- Requirement:
With the pictures left out, reproduce exactly the lines running from the line with "Catlow Quarries. Photo" to the last line of the material below.

- The data:
########################################

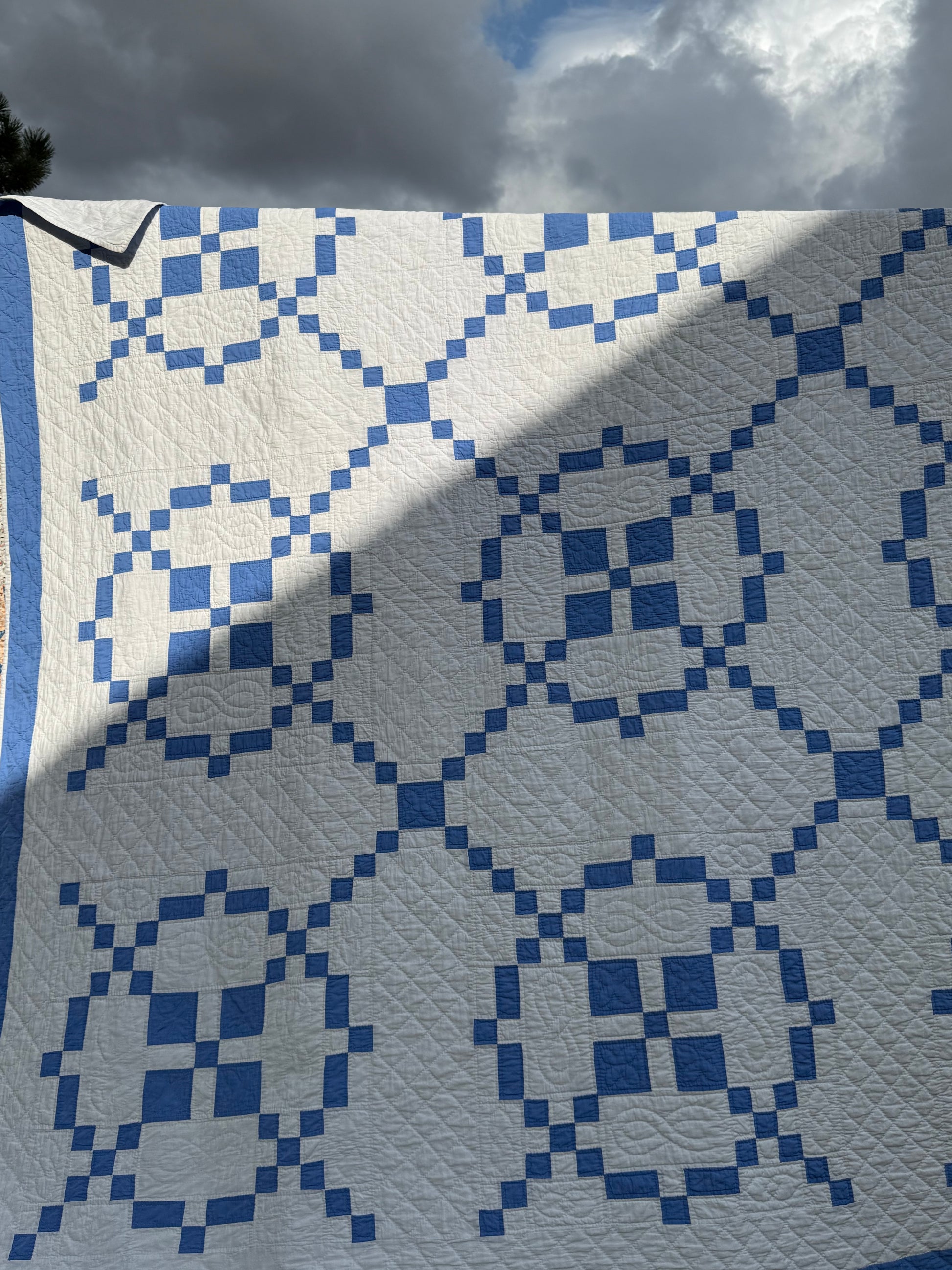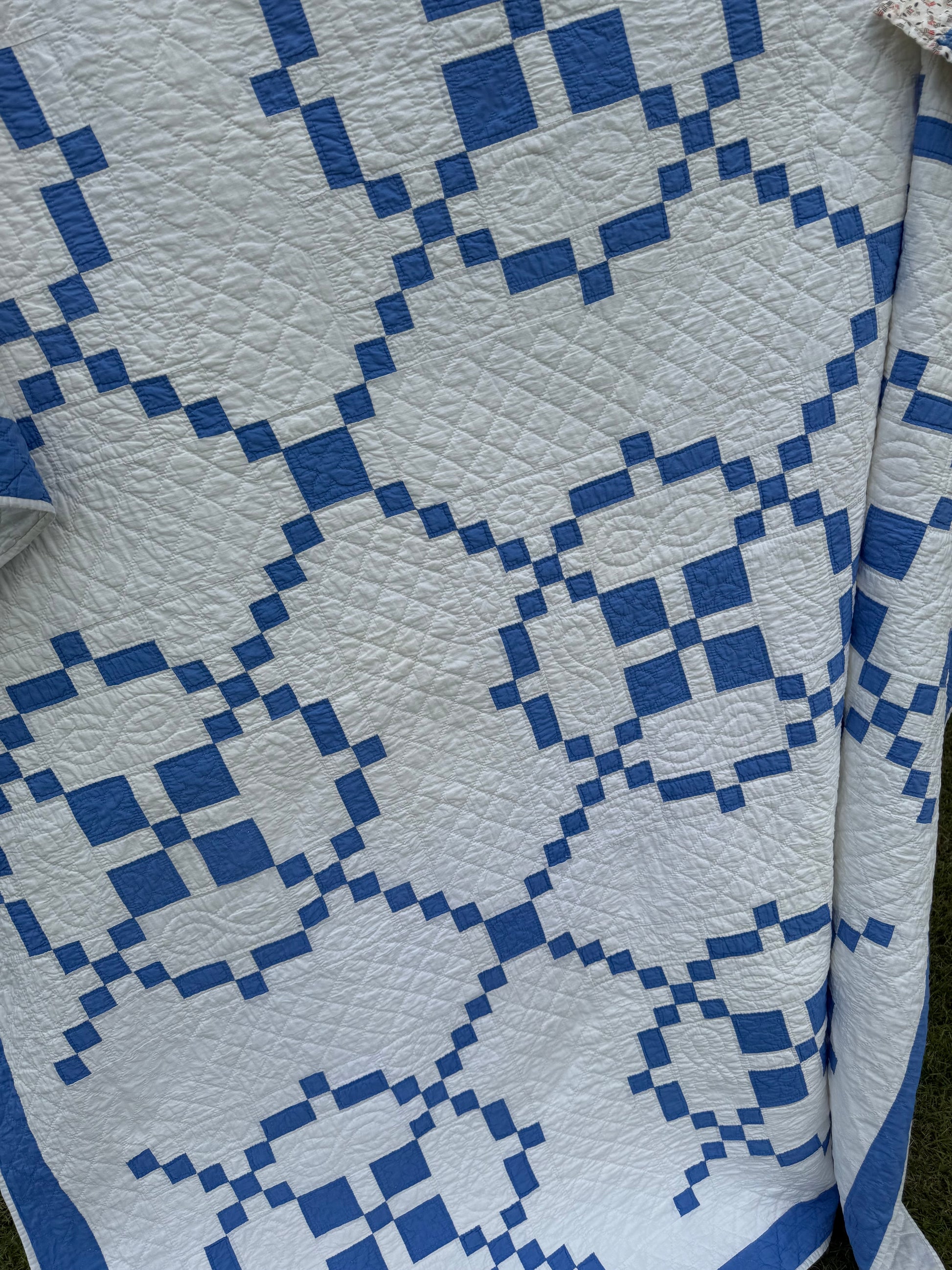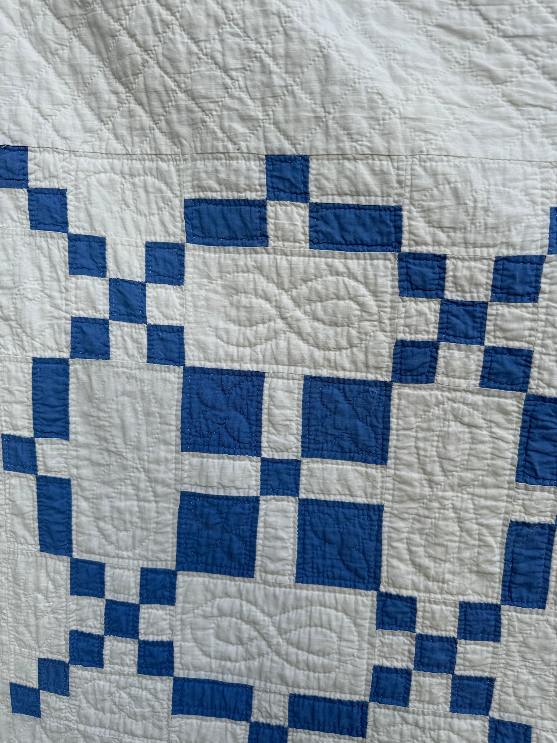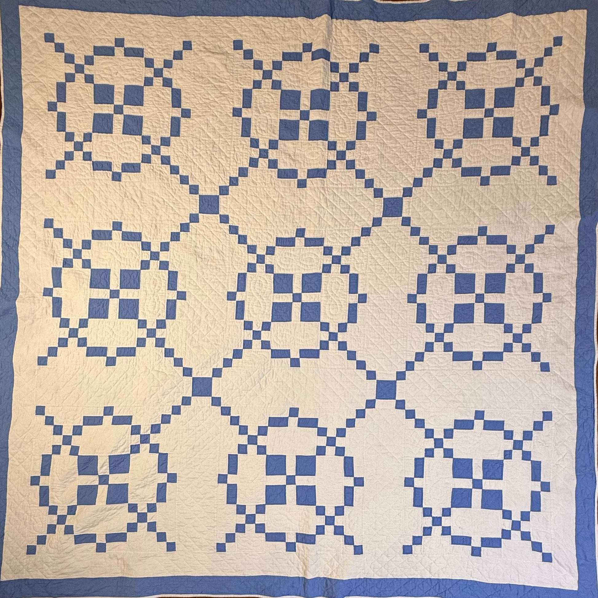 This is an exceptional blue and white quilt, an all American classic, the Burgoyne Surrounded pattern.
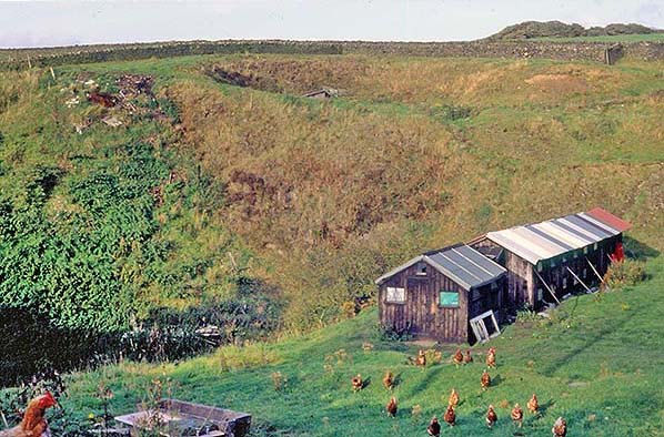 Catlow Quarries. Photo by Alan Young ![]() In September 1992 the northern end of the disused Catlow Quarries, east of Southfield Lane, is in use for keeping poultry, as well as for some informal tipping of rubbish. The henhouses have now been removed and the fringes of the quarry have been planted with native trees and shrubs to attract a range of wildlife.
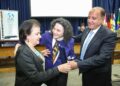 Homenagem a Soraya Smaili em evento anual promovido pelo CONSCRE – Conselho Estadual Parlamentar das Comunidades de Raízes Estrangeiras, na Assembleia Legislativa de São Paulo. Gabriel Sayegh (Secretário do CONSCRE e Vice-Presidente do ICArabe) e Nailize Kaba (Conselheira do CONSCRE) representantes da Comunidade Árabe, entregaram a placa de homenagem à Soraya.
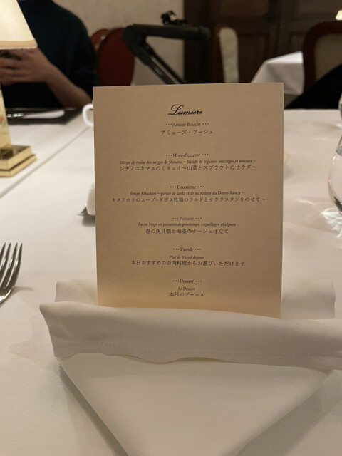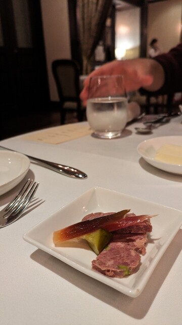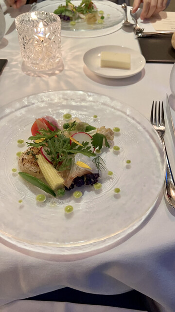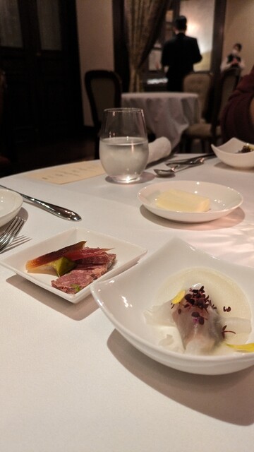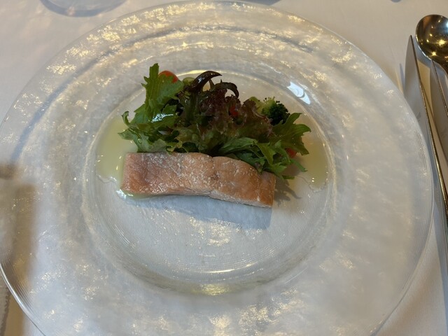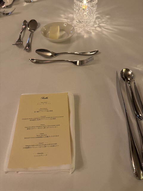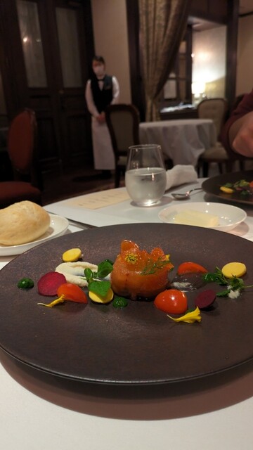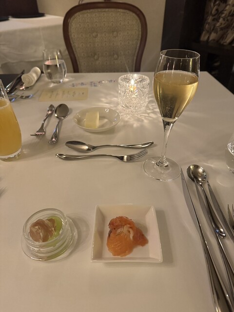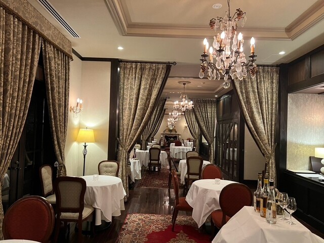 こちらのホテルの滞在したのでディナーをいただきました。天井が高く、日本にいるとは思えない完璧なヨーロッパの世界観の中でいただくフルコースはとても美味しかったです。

########################################

- Result:
 Catlow Quarries. Photo by Alan Young ![]() In September 1992 the northern end of the disused Catlow Quarries, east of Southfield Lane, is in use for keeping poultry, as well as for some informal tipping of rubbish. The henhouses have now been removed and the fringes of the quarry have been planted with native trees and shrubs to attract a range of wildlife.
 Homenagem a Soraya Smaili em evento anual promovido pelo CONSCRE – Conselho Estadual Parlamentar das Comunidades de Raízes Estrangeiras, na Assembleia Legislativa de São Paulo. Gabriel Sayegh (Secretário do CONSCRE e Vice-Presidente do ICArabe) e Nailize Kaba (Conselheira do CONSCRE) representantes da Comunidade Árabe, entregaram a placa de homenagem à Soraya.
 こちらのホテルの滞在したのでディナーをいただきました。天井が高く、日本にいるとは思えない完璧なヨーロッパの世界観の中でいただくフルコースはとても美味しかったです。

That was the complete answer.